Please retype the records below exactly, from the first line through the line containing "2025年10月15日,法治", and leave out any pictures.

-------- The input

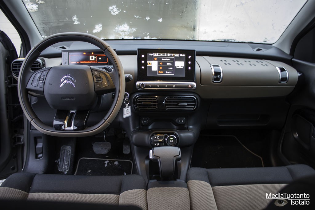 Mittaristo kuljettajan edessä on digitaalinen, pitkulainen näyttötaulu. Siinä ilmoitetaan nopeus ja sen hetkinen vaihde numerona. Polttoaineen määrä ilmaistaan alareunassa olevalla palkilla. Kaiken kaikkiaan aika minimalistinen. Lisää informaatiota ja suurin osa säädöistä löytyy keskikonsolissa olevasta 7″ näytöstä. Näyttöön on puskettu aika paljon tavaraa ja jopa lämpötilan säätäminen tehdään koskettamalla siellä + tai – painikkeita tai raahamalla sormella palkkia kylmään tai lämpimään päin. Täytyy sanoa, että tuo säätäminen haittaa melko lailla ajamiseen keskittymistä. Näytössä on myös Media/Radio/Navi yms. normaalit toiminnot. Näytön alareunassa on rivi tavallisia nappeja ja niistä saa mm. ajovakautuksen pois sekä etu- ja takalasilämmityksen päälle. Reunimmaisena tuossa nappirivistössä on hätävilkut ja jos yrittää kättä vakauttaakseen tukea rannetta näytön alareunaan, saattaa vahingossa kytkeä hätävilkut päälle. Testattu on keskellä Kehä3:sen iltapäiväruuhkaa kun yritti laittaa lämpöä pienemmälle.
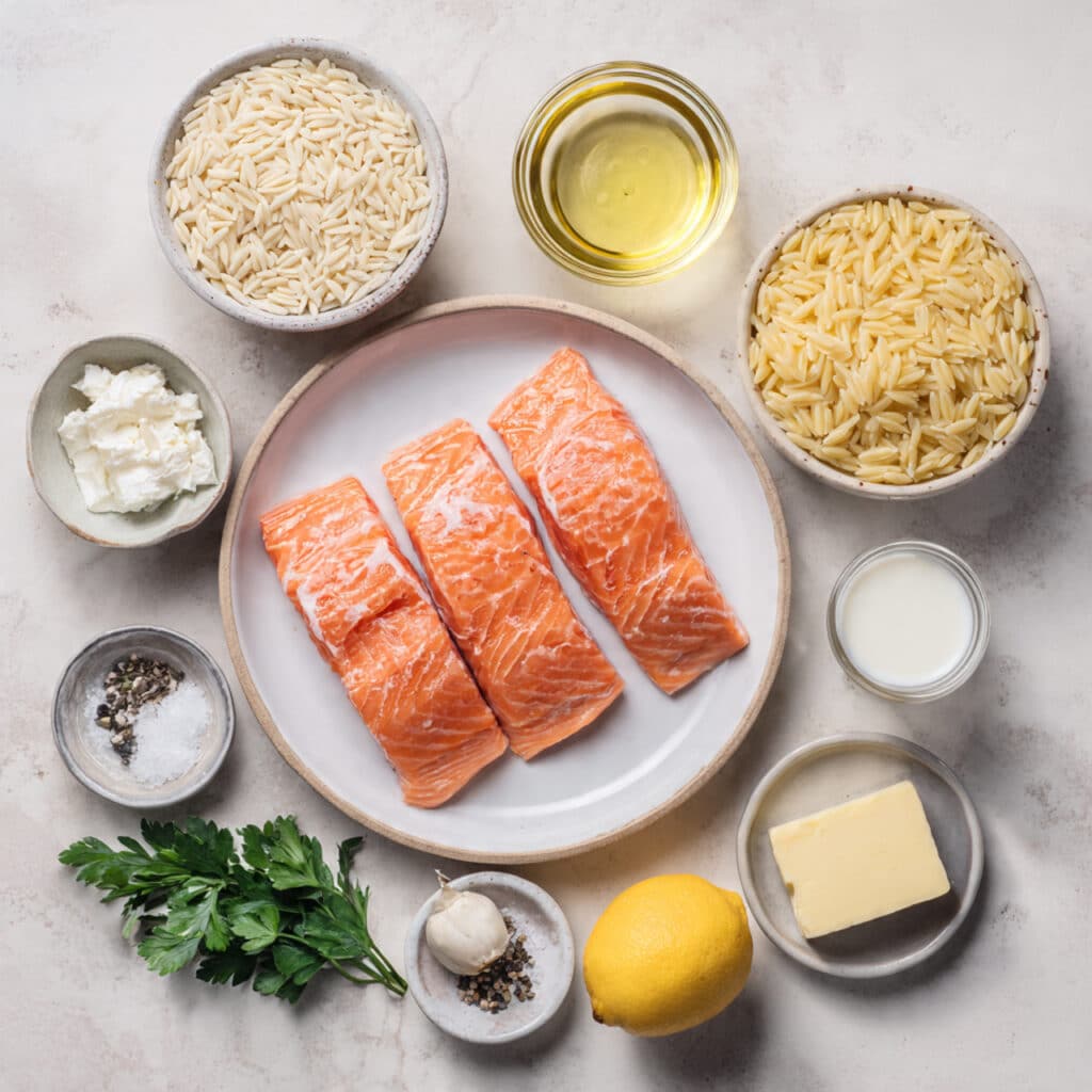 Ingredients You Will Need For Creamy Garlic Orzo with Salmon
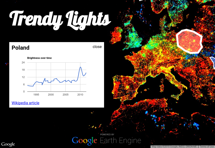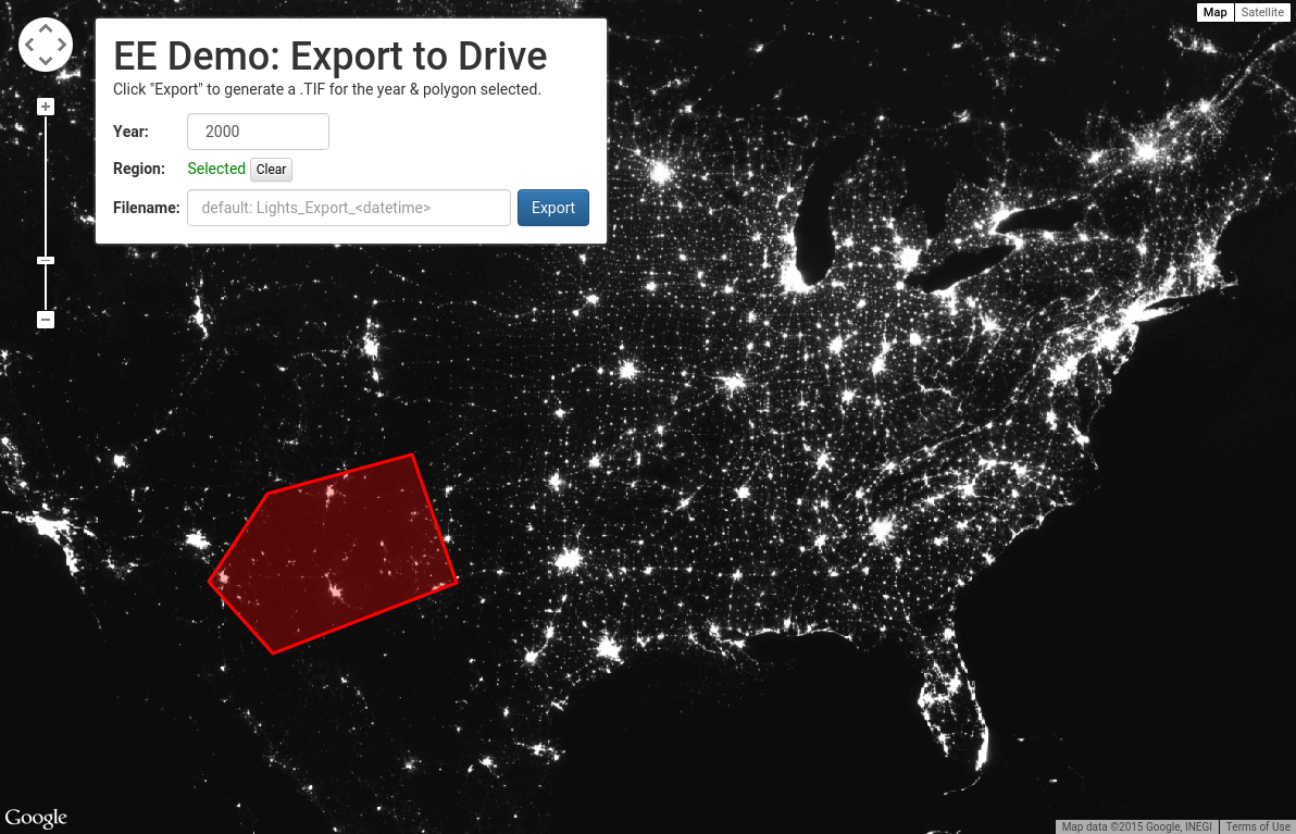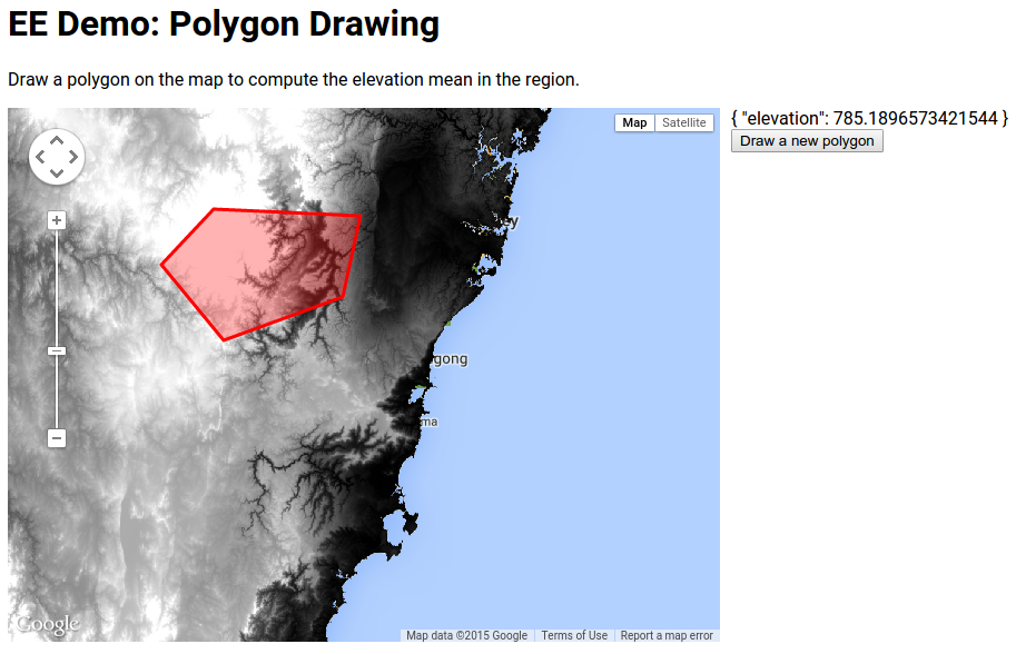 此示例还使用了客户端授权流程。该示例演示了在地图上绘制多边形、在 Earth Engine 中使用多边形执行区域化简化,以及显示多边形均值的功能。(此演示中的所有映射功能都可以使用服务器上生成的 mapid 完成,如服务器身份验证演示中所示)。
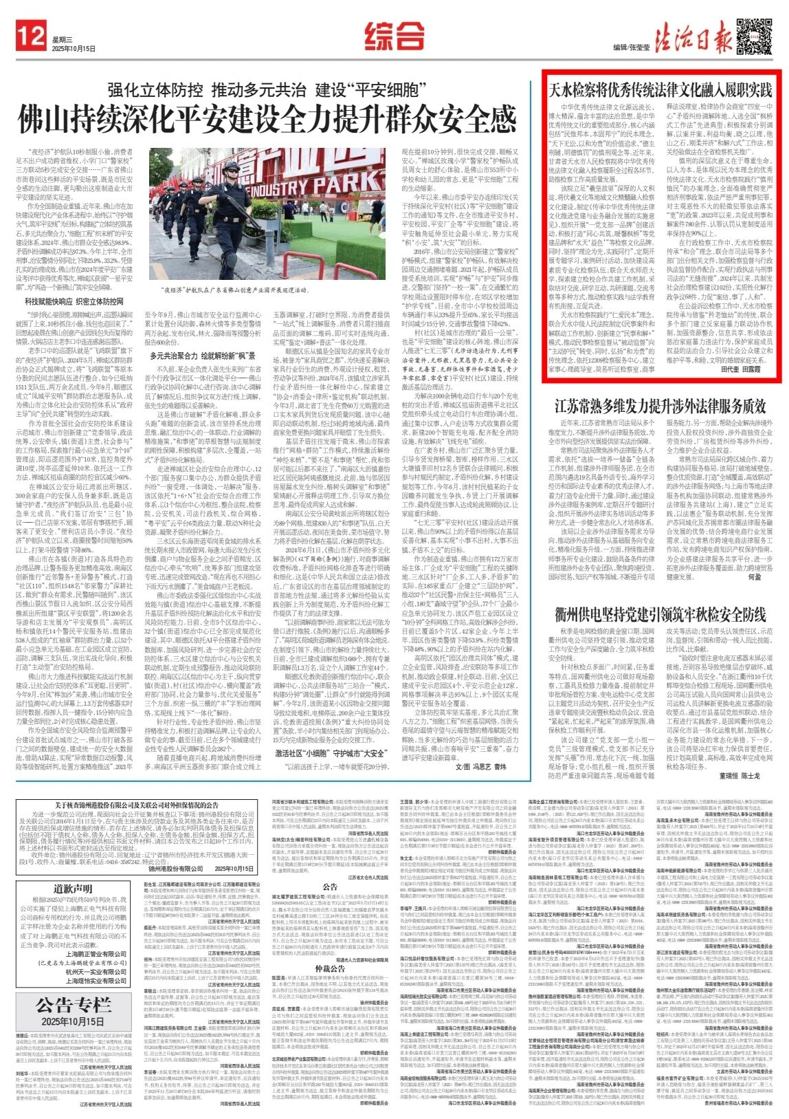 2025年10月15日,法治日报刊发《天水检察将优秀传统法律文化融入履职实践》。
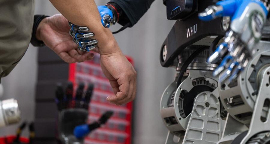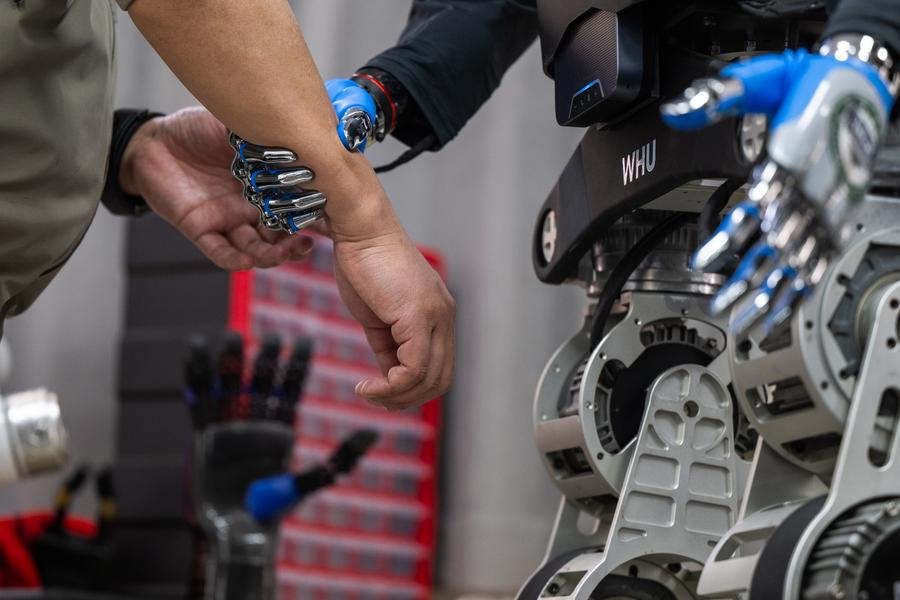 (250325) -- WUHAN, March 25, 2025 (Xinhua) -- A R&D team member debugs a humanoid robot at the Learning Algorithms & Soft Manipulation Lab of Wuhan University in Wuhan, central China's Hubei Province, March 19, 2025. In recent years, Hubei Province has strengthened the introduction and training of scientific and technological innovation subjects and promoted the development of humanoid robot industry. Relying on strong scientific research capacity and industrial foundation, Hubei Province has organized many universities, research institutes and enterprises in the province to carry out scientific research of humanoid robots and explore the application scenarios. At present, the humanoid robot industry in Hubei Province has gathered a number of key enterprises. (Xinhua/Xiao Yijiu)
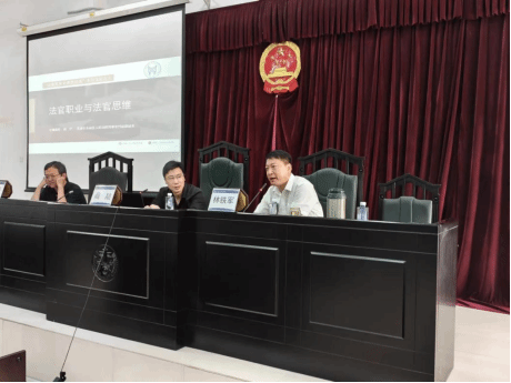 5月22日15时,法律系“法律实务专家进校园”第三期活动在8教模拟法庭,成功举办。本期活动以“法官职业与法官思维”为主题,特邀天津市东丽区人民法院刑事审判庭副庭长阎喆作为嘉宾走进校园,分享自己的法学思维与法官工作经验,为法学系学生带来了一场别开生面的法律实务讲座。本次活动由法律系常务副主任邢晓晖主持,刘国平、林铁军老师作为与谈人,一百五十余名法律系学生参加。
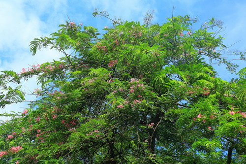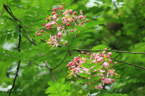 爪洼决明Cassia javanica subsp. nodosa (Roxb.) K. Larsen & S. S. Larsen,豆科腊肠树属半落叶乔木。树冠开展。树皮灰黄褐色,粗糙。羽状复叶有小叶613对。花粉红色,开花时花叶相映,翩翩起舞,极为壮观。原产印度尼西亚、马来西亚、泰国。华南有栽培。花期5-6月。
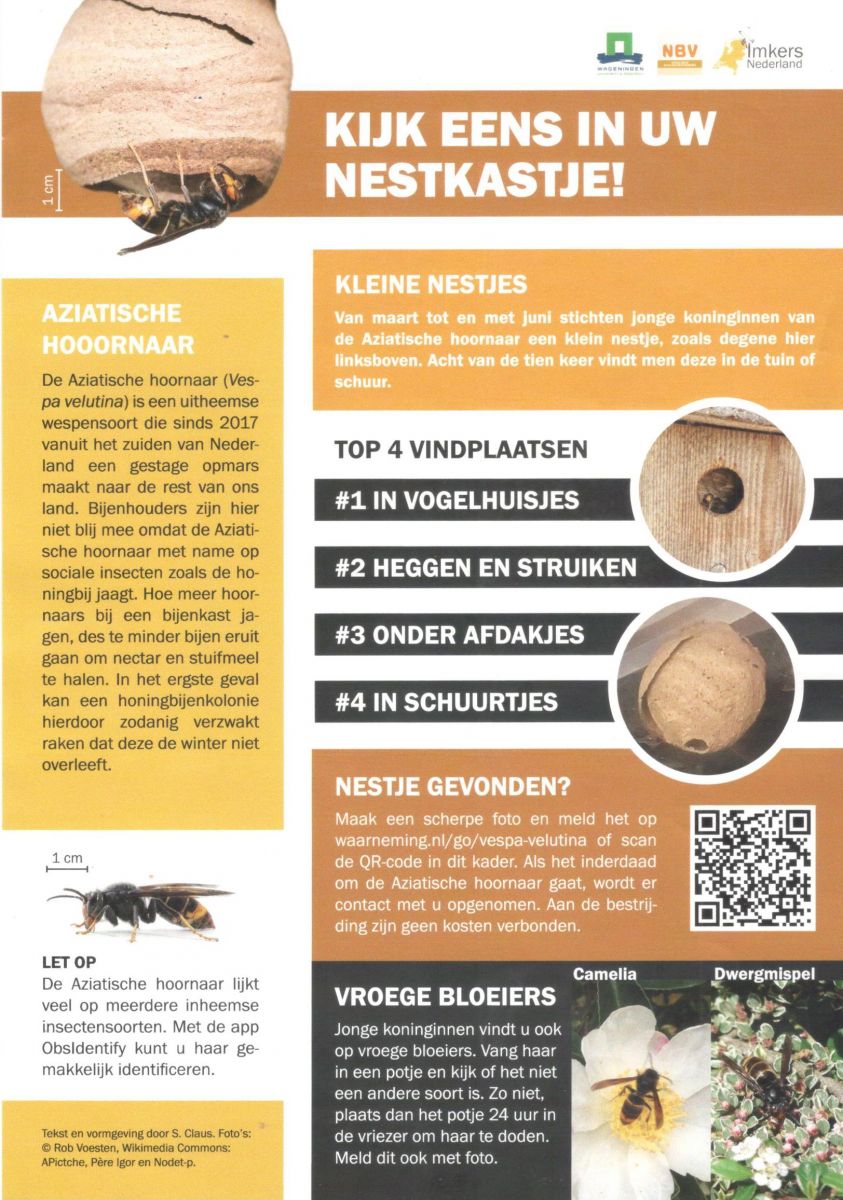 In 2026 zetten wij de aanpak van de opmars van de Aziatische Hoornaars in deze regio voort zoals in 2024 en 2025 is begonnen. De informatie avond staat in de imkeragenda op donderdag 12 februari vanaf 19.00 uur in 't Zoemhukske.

----------------

» **Answer space**:
 Mittaristo kuljettajan edessä on digitaalinen, pitkulainen näyttötaulu. Siinä ilmoitetaan nopeus ja sen hetkinen vaihde numerona. Polttoaineen määrä ilmaistaan alareunassa olevalla palkilla. Kaiken kaikkiaan aika minimalistinen. Lisää informaatiota ja suurin osa säädöistä löytyy keskikonsolissa olevasta 7″ näytöstä. Näyttöön on puskettu aika paljon tavaraa ja jopa lämpötilan säätäminen tehdään koskettamalla siellä + tai – painikkeita tai raahamalla sormella palkkia kylmään tai lämpimään päin. Täytyy sanoa, että tuo säätäminen haittaa melko lailla ajamiseen keskittymistä. Näytössä on myös Media/Radio/Navi yms. normaalit toiminnot. Näytön alareunassa on rivi tavallisia nappeja ja niistä saa mm. ajovakautuksen pois sekä etu- ja takalasilämmityksen päälle. Reunimmaisena tuossa nappirivistössä on hätävilkut ja jos yrittää kättä vakauttaakseen tukea rannetta näytön alareunaan, saattaa vahingossa kytkeä hätävilkut päälle. Testattu on keskellä Kehä3:sen iltapäiväruuhkaa kun yritti laittaa lämpöä pienemmälle.
 Ingredients You Will Need For Creamy Garlic Orzo with Salmon
 此示例还使用了客户端授权流程。该示例演示了在地图上绘制多边形、在 Earth Engine 中使用多边形执行区域化简化,以及显示多边形均值的功能。(此演示中的所有映射功能都可以使用服务器上生成的 mapid 完成,如服务器身份验证演示中所示)。
 2025年10月15日,法治日报刊发《天水检察将优秀传统法律文化融入履职实践》。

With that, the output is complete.